With the continuous advancement and application of AI in the classroom, there has been growing interest in exploring the potential benefits of integrating human–AI intelligence to create a hybrid enhanced intelligence that can support and promote effective teaching and learning (Alfoudari et al. 2021; Brkić et al. 2024; Sharma et al. 2024). Taking human–AI teaching activities as the unit, the current level of human–AI machine collaboration in the classroom remains in dynamic change, which is closely related to the varying collaboration requirements of human–AI in different teaching activities. The extensive deployment of AI in educational settings poses significant challenges to teachers’ awareness, understanding and competencies in collaborating with AI (Son and Sampson, 2022). This challenge is particularly evident in the slow development and differing order degrees in processing subsystems of human–AI collaboration. This study suggests that enhancing the degree of collaboration among teachers, students, and AI in human–AI collaborative classroom teaching should not only focus on the synergy between the elements of the subsystems but also consider the temporal relationships within the overall system. Previous research has emphasized the importance of teachers’ and students’ human–AI collaboration literacy and abilities as key factors in improving collaboration (Lin et al. 2024; Kim and Cho, 2023).

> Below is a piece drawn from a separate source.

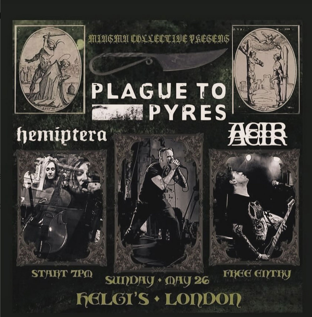 Now this sound good, Hemiptera are a rather hopeful rather raw band from Brighton blending dark moody cello with some doom and and a touch of thrashing punky crust, they play Helgi’s Bar here in East London this coming Sunday May 26th in the middle of a bill with headliners Plague to Pyres and openers Aeir. Right now that Hemiptera demo is beautifully raw, raw is good, a proper demo, we like proper, old school, it is where we started. There’s something good kicking off here, sounds like it might be worth jumping on this ride and seeing where it goes….

In conclusion, human–AI collaborative classroom teaching development should be approached from multiple levels to ensure effective coordination and optimal teaching outcomes.

Conclusion and limitations

Conclusion

This study examines the collaboration of human teachers and AI teachers in classrooms. It proposed a human–AI collaboration evaluation framework based on SDM that reveals the order degree and synergy degree of human–AI collaboration in hybrid intelligence learning environments. Through classroom data, this study measured the synergy degree and order degree in current human–AI collaborative classroom teaching, consisting of three interdependent and complementary subsystems: the collaboration subject, process, and environment. Furthermore, the teaching content and activities have a direct impact on both the synergy and order degrees, which exhibit dynamic variation over time. The findings of this study contribute to the development of more effective human–AI collaboration in the classroom and promote the integration of AI into teaching and learning. For example, an educational practitioner may use the human–AI collaboration evaluation framework based on SDM to develop a learning analytics dashboard for feedback and enhance the order degree between subsystems to better harness the potential of human–AI collaboration.

Limitations and future direction

This study has several limitations. Firstly, the hybrid intelligence learning environments in this study are composed of human teachers and AI teachers, supported by educational robots. This intelligent learning environment represents only one way of human-robot, and as such, the presentation of the research data results may be subject to bias. Findings from the current study suggest that the synergy degree of human–AI is generally moderate, potentially influenced by the characteristics of the learning environment. Future research could conduct human–AI collaborative classroom evaluations and measurements across different types of intelligent learning environments.

In addition, this study is based on manual analysis of classroom videos and has not achieved automated real-time analysis, which makes it less convenient for teachers to view results immediately after class, leading to delays. Future research could focus on developing tools or platforms for measuring human–AI collaboration. Thirdly, this study focused solely on evaluating the synergy degree and order degree in human–AI based on external behaviours. In addition to these external manifestations, other factors, such as cognition and emotion, should also be considered. Therefore, future research should analyse the synergy between cognition and emotion in hybrid intelligence learning environments and the impact of collaboration on learning outcomes. Last but not least, since the collaboration mechanism in human–AI of classroom teaching has not yet been fully identified, further research should aim to construct the internal mechanisms of such collaboration.